DATA SHOWN:
----------

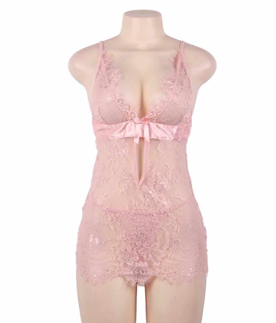 Pink babydoll with matching string.
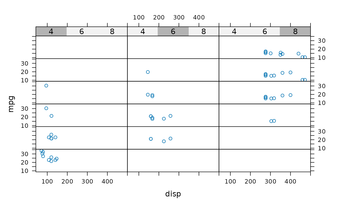 useOuterStrips(xyplot(mpg ~ disp | HP + factor(cyl), mtcars))
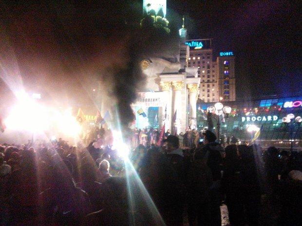 Активисты сначала пытались пронести шины на Европейскую площадь, а позже вернулись на Майдан Независимости, зажгли файеры и выступают на импровизированной сцене.

----------

TRY IT: Write out the material above without changing a word, and skip any picture.

YOUR SOLUTION:
 Pink babydoll with matching string.
 useOuterStrips(xyplot(mpg ~ disp | HP + factor(cyl), mtcars))
 Активисты сначала пытались пронести шины на Европейскую площадь, а позже вернулись на Майдан Независимости, зажгли файеры и выступают на импровизированной сцене.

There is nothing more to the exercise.